Наличие этого элемента произвольности не указывает, однако, на то, что любое научное сообщество могло бы заниматься своей деятельностью без некоторой системы общепринятых представлений. Не умаляет он и роли той совокупности фактического материала, на которой основана деятельность сообщества. Едва ли любое эффективное исследование может быть начато прежде, чем научное сообщество решит, что располагает обоснованными ответами на вопросы, подобные следующим: каковы фундаментальные сущности, из которых состоит универсум? Как они взаимодействуют друг с другом и с органами чувств? Какие вопросы учёный имеет право ставить в отношении таких сущностей и какие методы могут быть использованы для их решения? По крайней мере в развитых науках ответы (или то, что полностью заменяет их) на вопросы, подобные этим, прочно закладываются в процессе обучения, которое готовит студентов к профессиональной деятельности и даёт право участвовать в ней. Рамки этого обучения строги и жёстки, и поэтому ответы на указанные вопросы оставляют глубокий отпечаток на научном мышлении индивидуума. Это обстоятельство необходимо серьёзно учитывать при рассмотрении особой эффективности нормальной научной деятельности и при определении направления, по которому она следует в данное время. Рассматривая в III, IV, V разделах нормальную науку, мы поставим перед собой цель в конечном счёте описать исследование как упорную и настойчивую попытку навязать природе те концептуальные рамки, которые дало профессиональное образование. В то же время нас будет интересовать вопрос, может ли научное исследование обойтись без таких рамок, независимо от того, какой элемент произвольности присутствует в их исторических источниках, а иногда и в их последующем развитии.

Однако этот элемент произвольности имеет место и оказывает существенное воздействие на развитие науки, которое будет детально рассмотрено в VI, VII и VIII разделах. Нормальная наука, на развитие которой вынуждено тратить почти всё своё время большинство учёных, основывается на допущении, что научное сообщество знает, каков окружающий нас мир. Многие успехи науки рождаются из стремления сообщества защитить это допущение, и если это необходимо — то и весьма дорогой ценой. Нормальная наука, например, часто подавляет фундаментальные новшества, потому что они неизбежно разрушают её основные установки. Тем не менее до тех пор, пока эти установки сохраняют в себе элемент произвольности, сама природа нормального исследования даёт гарантию, что эти новшества не будут подавляться слишком долго. Иногда проблема нормальной науки, проблема, которая должна быть решена с помощью известных правил и процедур, не поддаётся неоднократным натискам даже самых талантливых членов группы, к компетенции которой она относится. В других случаях инструмент, предназначенный и сконструированный для целей нормального исследования, оказывается неспособным функционировать так, как это предусматривалось, что свидетельствует об аномалии, которую, несмотря на все усилия, не удаётся согласовать с нормами профессионального образования. Таким образом (и не только таким) нормальная наука сбивается с дороги всё время. И когда это происходит — то есть когда специалист не может больше избежать аномалий, разрушающих существующую традицию научной практики, — начинаются нетрадиционные исследования, которые в конце концов приводят всю данную отрасль науки к новой системе предписаний (commitments), к новому базису для практики научных исследований. Исключительные ситуации, в которых возникает эта смена профессиональных предписаний, будут рассматриваться в данной работе как научные революции. Они являются дополнениями к связанной традициями деятельности в период нормальной науки, которые разрушают традиции.
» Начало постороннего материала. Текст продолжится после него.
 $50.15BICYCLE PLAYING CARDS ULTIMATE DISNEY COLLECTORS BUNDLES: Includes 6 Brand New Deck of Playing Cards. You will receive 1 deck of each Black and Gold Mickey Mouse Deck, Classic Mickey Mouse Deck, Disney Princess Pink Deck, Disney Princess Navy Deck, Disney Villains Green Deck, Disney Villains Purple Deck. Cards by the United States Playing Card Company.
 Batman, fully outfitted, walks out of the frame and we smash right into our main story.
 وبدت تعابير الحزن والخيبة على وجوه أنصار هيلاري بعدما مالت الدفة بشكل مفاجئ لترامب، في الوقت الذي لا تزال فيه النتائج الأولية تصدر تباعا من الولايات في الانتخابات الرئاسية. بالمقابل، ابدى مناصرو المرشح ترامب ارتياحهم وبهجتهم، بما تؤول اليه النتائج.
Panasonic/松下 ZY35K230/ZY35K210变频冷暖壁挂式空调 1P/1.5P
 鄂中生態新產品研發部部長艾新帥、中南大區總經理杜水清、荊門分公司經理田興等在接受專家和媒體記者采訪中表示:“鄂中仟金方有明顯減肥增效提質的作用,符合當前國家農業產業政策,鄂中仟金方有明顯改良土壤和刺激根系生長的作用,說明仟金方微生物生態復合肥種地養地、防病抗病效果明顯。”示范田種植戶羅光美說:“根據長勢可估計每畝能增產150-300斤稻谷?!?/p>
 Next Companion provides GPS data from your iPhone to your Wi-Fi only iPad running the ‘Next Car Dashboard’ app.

Наиболее очевидные примеры научных революций представляют собой те знаменитые эпизоды в развитии науки, за которыми уже давно закрепилось название революций. Поэтому в IX и Х разделах, где предпринимается непосредственный анализ природы научных революций, мы не раз встретимся с великими поворотными пунктами в развитии науки, связанными с именами Коперника, Ньютона, Лавуазье и Эйнштейна. Лучше всех других достижений, по крайней мере в истории физики, эти поворотные моменты служат образцами научных революций. Каждое из этих открытий необходимо обусловливало отказ научного сообщества от той или иной освящённой веками научной теории в пользу другой теории, несовместимой с прежней. Каждое из них вызывало последующий сдвиг в проблемах, подлежащих тщательному научному исследованию, и в тех стандартах, с помощью которых профессиональный учёный определял, можно ли считать правомерной ту или иную проблему или закономерным то или иное её решение. И каждое из этих открытий преобразовывало научное воображение таким образом, что мы в конечном счёте должны признать это трансформацией мира, в котором проводится научная работа. Такие изменения вместе с дискуссиями, неизменно сопровождающими их, и определяют основные характерные черты научных революций.
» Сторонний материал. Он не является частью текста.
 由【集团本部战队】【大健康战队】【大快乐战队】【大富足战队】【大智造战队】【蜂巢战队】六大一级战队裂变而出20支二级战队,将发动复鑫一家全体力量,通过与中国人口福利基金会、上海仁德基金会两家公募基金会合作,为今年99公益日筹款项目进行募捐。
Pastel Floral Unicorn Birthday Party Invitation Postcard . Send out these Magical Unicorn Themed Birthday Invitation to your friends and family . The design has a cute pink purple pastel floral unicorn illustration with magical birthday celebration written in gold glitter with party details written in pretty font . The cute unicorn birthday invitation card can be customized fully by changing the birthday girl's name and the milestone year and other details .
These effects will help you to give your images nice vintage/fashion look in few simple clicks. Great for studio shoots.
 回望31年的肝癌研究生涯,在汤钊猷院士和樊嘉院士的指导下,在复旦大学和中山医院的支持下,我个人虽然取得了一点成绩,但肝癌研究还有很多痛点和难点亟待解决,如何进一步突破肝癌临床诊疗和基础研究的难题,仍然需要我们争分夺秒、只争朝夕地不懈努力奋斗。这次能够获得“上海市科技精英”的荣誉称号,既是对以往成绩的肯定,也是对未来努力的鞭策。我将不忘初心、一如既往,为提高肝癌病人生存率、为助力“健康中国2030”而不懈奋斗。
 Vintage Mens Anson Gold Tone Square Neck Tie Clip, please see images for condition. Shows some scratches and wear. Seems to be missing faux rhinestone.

Эти характерные черты с особой чёткостью вырисовываются из изучения, скажем, революции, совершённой Ньютоном, или революции в химии. Однако те же черты можно найти (и в этом состоит одно из основных положений данной работы) при изучении других эпизодов в развитии науки, которые не имеют столь явно выраженного революционного значения. Для гораздо более узких профессиональных групп, научные интересы которых затронуло, скажем, создание электромагнитной теории, уравнения Максвелла были не менее революционны, чем теория Эйнштейна, и сопротивление их принятию было ничуть не слабее. Создание других новых теорий по понятным причинам вызывает такую же реакцию со стороны тех специалистов, чью область компетенции они затрагивают. Для этих специалистов новая теория предполагает изменение в правилах, которыми руководствовались учёные в практике нормальной науки до этого времени. Следовательно, новая теория неизбежно отражается на широком фронте научной работы, которую эти специалисты уже успешно завершили. Вот почему она, какой бы специальной ни была область её приложения, никогда не представляет собой (или, во всяком случае, очень редко представляет) просто приращение к тому, что уже было известно. Усвоение новой теории требует перестройки прежней и переоценки прежних фактов, внутреннего революционного процесса, который редко оказывается под силу одному учёному и никогда не совершается в один день. Нет поэтому ничего удивительного в том, что историкам науки бывает весьма затруднительно определить точно дату этого длительного процесса, хотя сама их терминология принуждает видеть в нём некоторое изолированное событие.